Я откровенно признался, что других художников не знаю. Однако, чтобы успокоить Блока, я предложил сделать на пробу несколько эскизов, и в зависимости от качества этих эскизов будем решать, поручить ли иллюстрации Анненкову или искать другого художника.

«Странный человек этот Алянский — знает одного-единст- венного художника, и этого знает только потому, что учился с ним в гимназии, и только на этом основании он готов поручить ему иллюстрации к «Двенадцати».

— Ну что ж, попробуем, — сказал Александр Александрович.

Предлагая Александру Александровичу поручить иллюстрации к «Двенадцати» Анненкову, я, конечно, рисковал, потому что из многих бесед с Блоком знал, что он отнюдь не является поклонником крайних левых направлений в искусстве.

Первые эскизы Анненкова меня озадачили. Передо мною лежали непонятные кубистические знаки. Художник по моему лицу понял, что его эскизы разочаровали меня, и, когда я прямо об этом ему сказал и добавил, что не могу их показать Блоку, он попросил дать ему еще время, чтобы подумать и еще поработать.
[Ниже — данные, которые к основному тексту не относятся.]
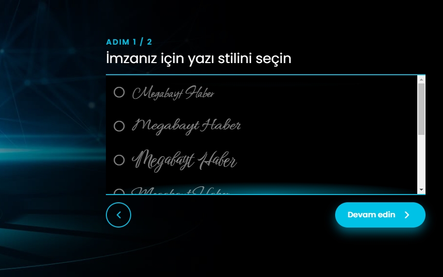 4- Hesabınızı açtıktan sonra isminizin ve soy isiminizin imzanızda nasıl gözükeceğine yönelik bir font seçimi yapıyoruz. Buradan dilediğiniz fontu seçin.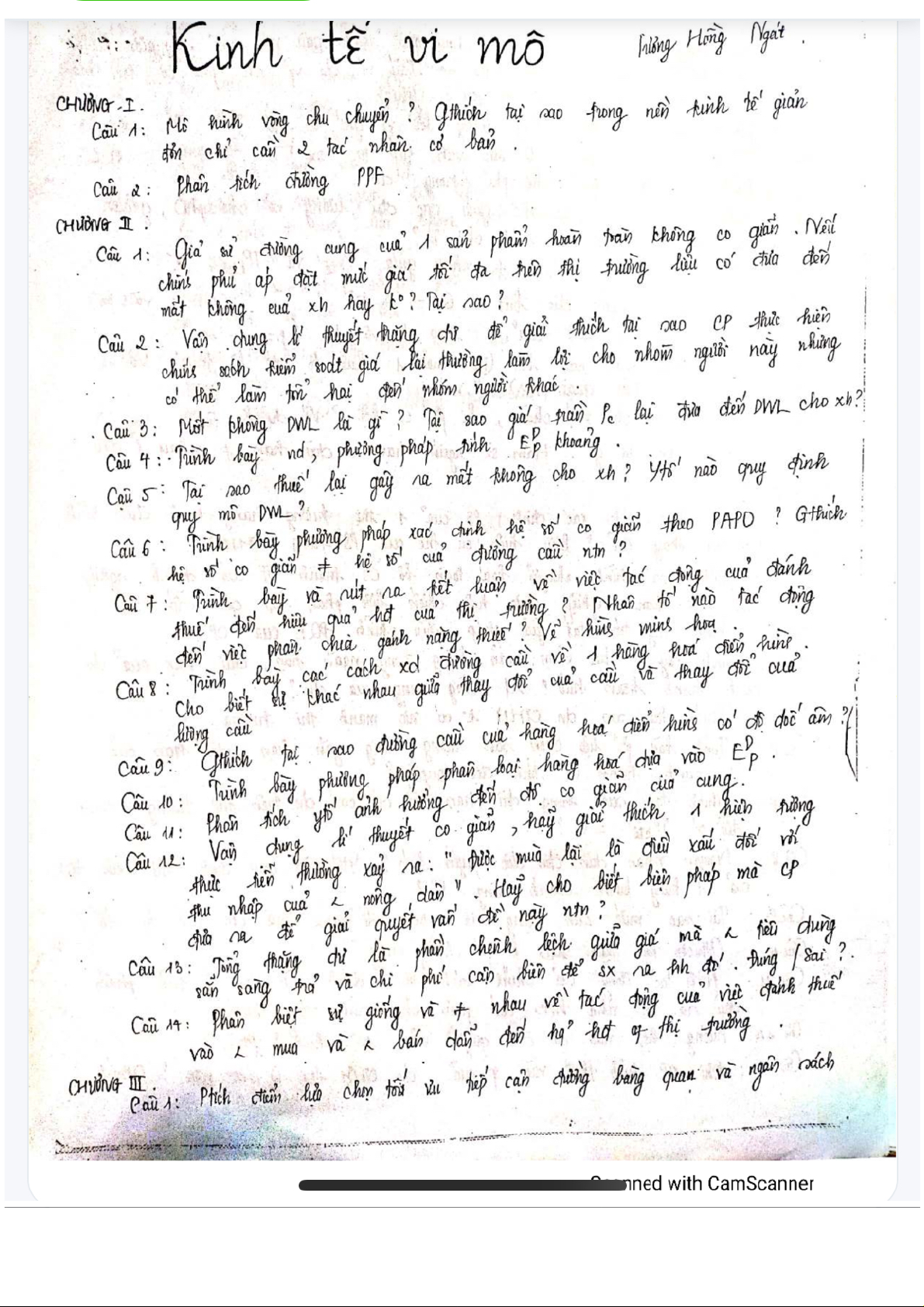Câu Hỏi Ôn Tập Chương 5 - 8 môn Kinh tế vi mô 1 | Học viện Tài chính

Примерно к середине августа новые эскизы были доведены до такого состояния, что я решился показать их Блоку 4

Вопреки моему предчувствию, Александр Александрович с интересом рассматривал рисунки. Сразу ему понравились два рисунка: «убитая Катька» и «пес» (к словам поэмы: «только нищий пес голодный ковыляет позади...»).

— Это очень хорошо! — воскликнул Александр Александрович.

— Вот видите, и маме, и Любови Дмитриевне рисунки нравятся.

Дольше других Блок рассматривал последний страничный рисунок, на котором был изображен Христос.

Я знал, что этот рисунок долго не давался Анненкову и ему самому совсем не нравился — он не увидел в поэме Христа. Он просил меня хорошо запомнить все, что Блок скажет об этом рисунке. Я попросил Александра Александровича подробнее рассказать, каким он представляет себе Христа в поэме.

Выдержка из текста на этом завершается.